● Records for processing:
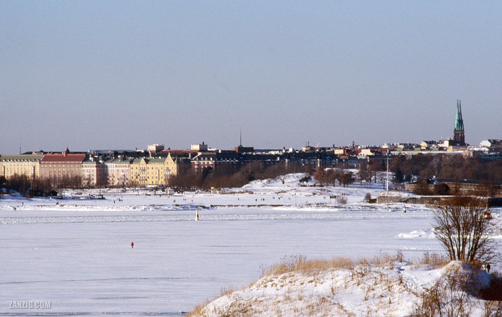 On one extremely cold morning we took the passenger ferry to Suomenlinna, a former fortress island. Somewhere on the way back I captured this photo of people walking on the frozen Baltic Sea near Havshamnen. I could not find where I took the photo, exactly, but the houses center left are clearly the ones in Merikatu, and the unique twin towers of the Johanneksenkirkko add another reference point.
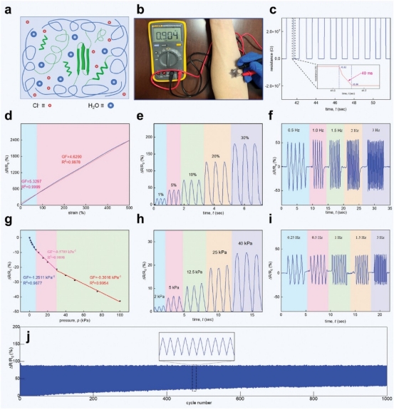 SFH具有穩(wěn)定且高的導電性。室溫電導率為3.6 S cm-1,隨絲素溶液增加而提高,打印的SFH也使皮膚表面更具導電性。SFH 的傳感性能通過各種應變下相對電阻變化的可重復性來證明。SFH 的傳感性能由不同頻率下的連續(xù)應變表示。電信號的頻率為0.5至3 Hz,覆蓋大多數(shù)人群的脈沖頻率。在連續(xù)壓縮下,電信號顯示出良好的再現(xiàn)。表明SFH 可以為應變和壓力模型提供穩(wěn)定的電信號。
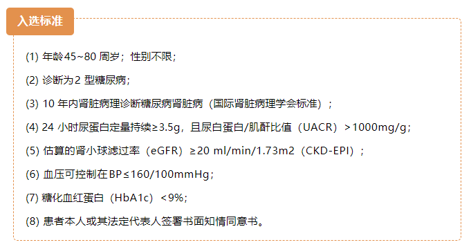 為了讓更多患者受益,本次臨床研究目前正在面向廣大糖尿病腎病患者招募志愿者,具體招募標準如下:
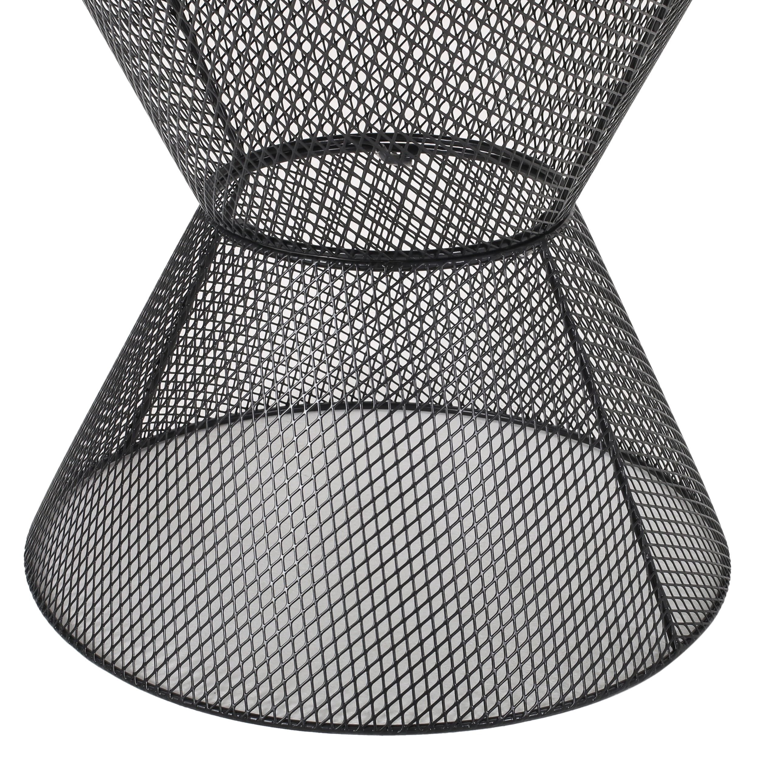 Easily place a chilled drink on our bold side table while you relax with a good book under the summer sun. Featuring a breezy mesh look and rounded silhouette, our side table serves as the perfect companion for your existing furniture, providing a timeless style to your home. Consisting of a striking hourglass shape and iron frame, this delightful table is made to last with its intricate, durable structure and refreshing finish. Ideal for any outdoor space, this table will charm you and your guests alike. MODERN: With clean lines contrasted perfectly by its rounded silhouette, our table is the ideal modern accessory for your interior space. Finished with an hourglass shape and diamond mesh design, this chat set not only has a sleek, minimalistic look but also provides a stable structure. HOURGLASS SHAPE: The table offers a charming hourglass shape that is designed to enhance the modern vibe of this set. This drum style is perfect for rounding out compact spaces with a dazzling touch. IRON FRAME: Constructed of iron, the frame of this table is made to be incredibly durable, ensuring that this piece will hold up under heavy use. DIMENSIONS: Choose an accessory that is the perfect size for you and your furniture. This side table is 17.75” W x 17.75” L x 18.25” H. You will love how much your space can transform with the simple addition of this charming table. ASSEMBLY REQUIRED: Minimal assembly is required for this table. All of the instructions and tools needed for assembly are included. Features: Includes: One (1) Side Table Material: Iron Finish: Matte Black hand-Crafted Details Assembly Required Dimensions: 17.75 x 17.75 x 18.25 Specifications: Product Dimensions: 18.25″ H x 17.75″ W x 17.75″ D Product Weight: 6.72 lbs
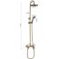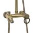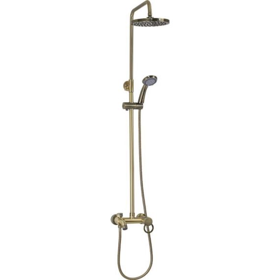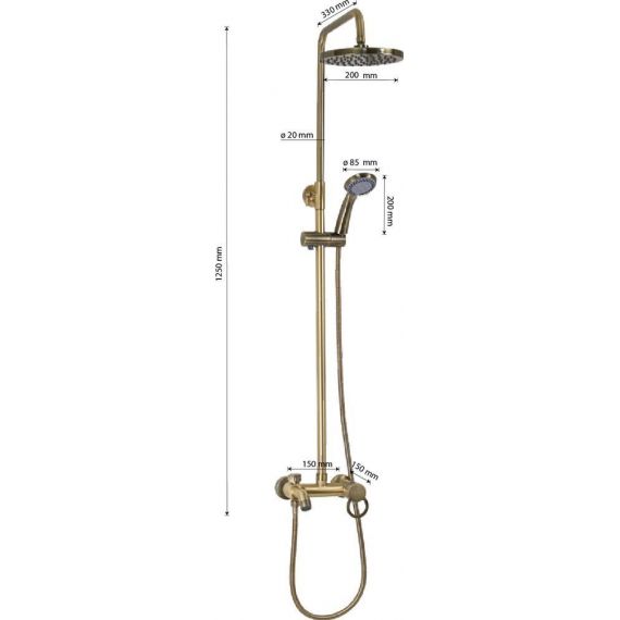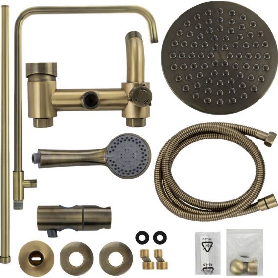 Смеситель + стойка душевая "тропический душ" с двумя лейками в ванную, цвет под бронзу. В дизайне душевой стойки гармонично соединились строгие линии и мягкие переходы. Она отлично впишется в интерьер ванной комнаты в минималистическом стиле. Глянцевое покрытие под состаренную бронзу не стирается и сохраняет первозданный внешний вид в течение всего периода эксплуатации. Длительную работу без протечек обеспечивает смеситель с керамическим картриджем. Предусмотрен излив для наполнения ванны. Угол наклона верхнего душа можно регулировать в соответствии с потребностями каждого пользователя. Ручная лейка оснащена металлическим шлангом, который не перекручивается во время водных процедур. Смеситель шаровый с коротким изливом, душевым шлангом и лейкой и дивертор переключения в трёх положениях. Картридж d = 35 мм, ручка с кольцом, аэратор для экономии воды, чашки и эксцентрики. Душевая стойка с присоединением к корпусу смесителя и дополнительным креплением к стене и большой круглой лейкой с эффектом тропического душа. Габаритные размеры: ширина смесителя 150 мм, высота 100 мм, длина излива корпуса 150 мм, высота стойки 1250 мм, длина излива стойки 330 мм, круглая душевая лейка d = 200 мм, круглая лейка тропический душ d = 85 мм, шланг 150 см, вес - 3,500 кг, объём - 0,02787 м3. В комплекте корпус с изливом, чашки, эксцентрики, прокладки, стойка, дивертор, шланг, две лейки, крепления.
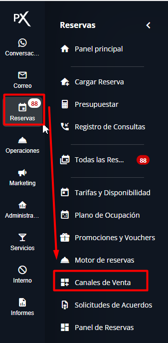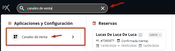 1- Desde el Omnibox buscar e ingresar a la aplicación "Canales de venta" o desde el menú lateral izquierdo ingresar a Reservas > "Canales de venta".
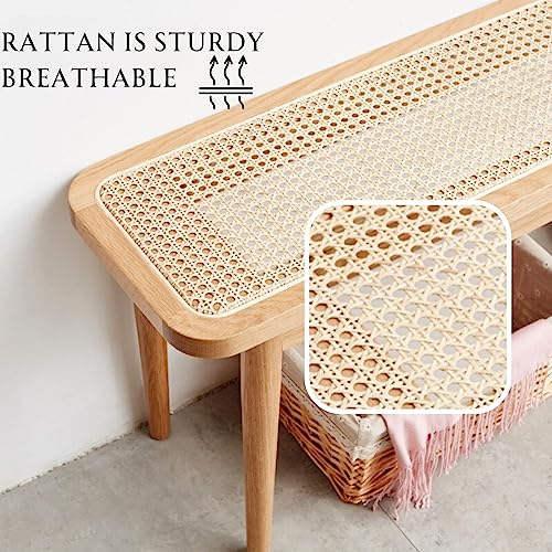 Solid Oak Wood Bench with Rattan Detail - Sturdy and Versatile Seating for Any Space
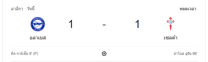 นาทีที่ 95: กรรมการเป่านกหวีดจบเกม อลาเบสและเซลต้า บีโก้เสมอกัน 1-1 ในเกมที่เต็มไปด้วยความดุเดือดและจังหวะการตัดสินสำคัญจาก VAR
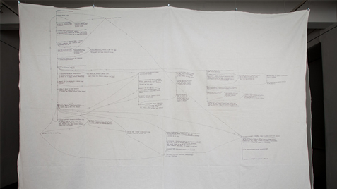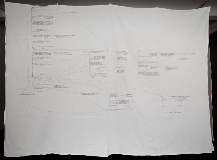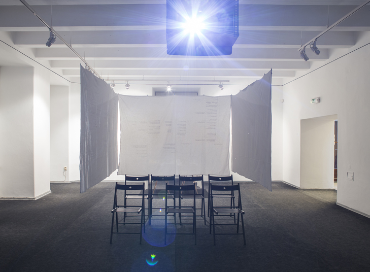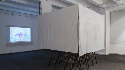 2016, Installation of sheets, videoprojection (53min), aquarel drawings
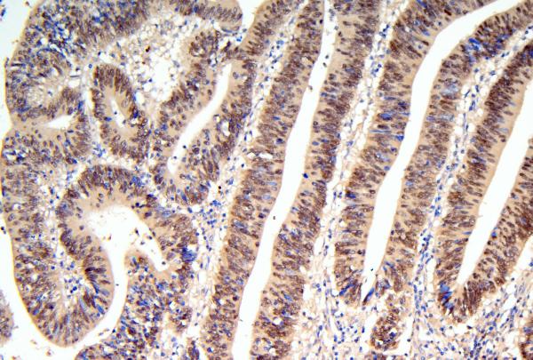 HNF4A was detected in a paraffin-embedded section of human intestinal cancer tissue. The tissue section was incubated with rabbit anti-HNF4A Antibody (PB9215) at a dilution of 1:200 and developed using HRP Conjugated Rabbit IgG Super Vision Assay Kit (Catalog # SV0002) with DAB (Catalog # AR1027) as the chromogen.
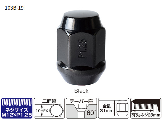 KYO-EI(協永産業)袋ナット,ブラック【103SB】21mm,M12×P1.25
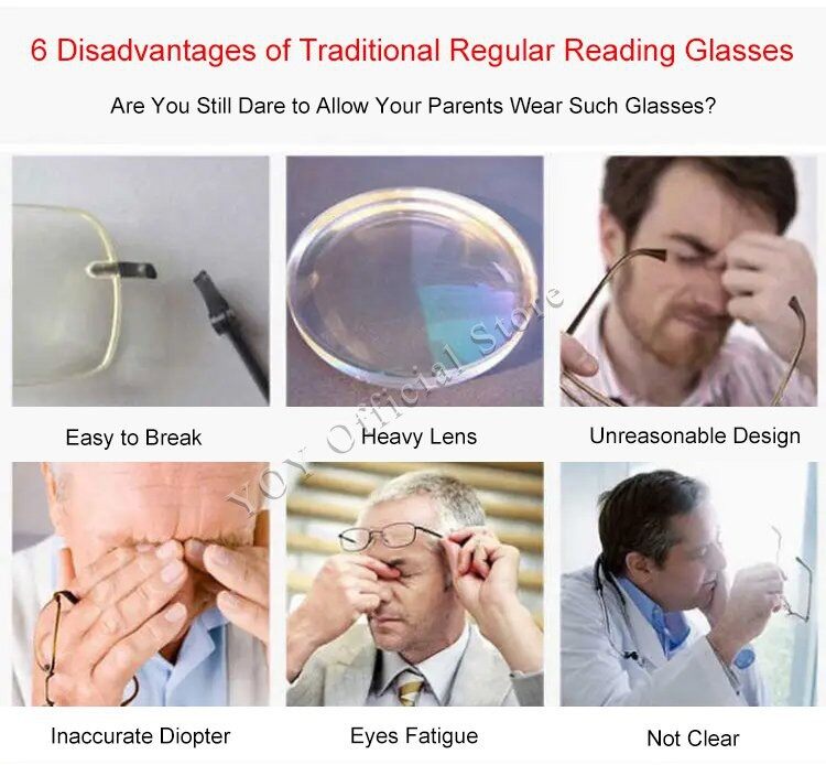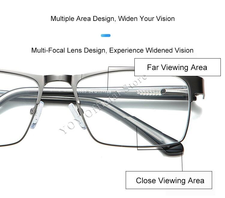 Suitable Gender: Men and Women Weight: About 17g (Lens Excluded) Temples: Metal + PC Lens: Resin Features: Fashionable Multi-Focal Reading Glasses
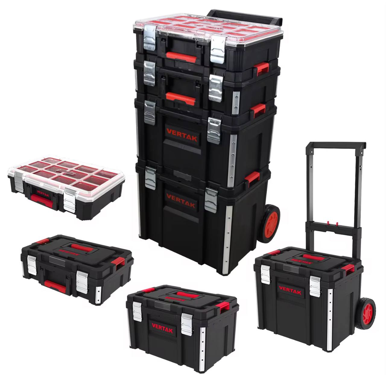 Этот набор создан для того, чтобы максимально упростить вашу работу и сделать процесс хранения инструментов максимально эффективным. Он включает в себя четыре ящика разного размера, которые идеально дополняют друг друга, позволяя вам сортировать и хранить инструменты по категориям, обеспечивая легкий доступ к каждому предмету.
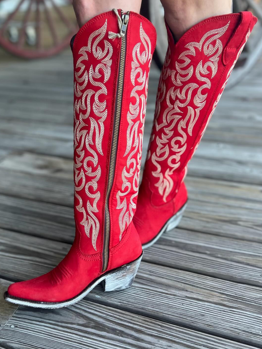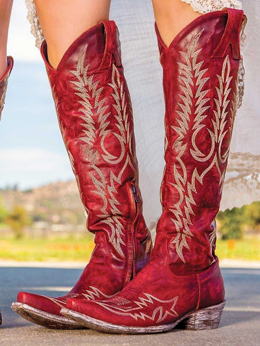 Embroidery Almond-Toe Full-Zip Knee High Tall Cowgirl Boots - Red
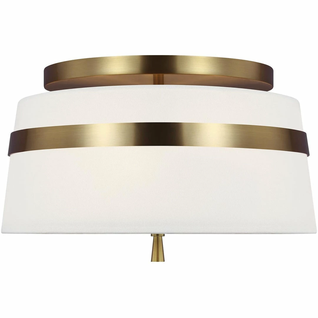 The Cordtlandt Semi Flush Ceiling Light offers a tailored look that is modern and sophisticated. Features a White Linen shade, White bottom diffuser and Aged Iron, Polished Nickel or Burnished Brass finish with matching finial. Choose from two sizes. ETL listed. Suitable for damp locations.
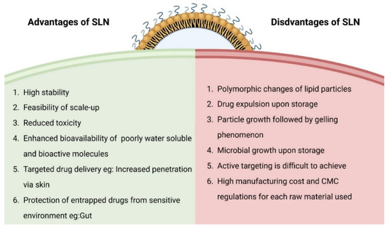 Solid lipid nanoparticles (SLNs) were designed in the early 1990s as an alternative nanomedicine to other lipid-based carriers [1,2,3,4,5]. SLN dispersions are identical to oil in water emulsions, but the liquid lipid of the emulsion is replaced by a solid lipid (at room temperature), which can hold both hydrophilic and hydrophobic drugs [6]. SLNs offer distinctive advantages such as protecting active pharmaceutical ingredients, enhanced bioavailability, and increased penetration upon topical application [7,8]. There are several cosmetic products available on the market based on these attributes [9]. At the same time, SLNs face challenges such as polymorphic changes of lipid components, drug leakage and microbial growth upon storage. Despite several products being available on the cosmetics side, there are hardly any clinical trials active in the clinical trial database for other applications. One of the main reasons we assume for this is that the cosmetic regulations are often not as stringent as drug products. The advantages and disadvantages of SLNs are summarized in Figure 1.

● What to work on:
In the records above, find the line with "Suitable Gender: Men". Print exactly from there through the line with "The Cordtlandt Semi", minus the pictures.

● Task output:
 Suitable Gender: Men and Women Weight: About 17g (Lens Excluded) Temples: Metal + PC Lens: Resin Features: Fashionable Multi-Focal Reading Glasses
 Этот набор создан для того, чтобы максимально упростить вашу работу и сделать процесс хранения инструментов максимально эффективным. Он включает в себя четыре ящика разного размера, которые идеально дополняют друг друга, позволяя вам сортировать и хранить инструменты по категориям, обеспечивая легкий доступ к каждому предмету.
 Embroidery Almond-Toe Full-Zip Knee High Tall Cowgirl Boots - Red
 The Cordtlandt Semi Flush Ceiling Light offers a tailored look that is modern and sophisticated. Features a White Linen shade, White bottom diffuser and Aged Iron, Polished Nickel or Burnished Brass finish with matching finial. Choose from two sizes. ETL listed. Suitable for damp locations.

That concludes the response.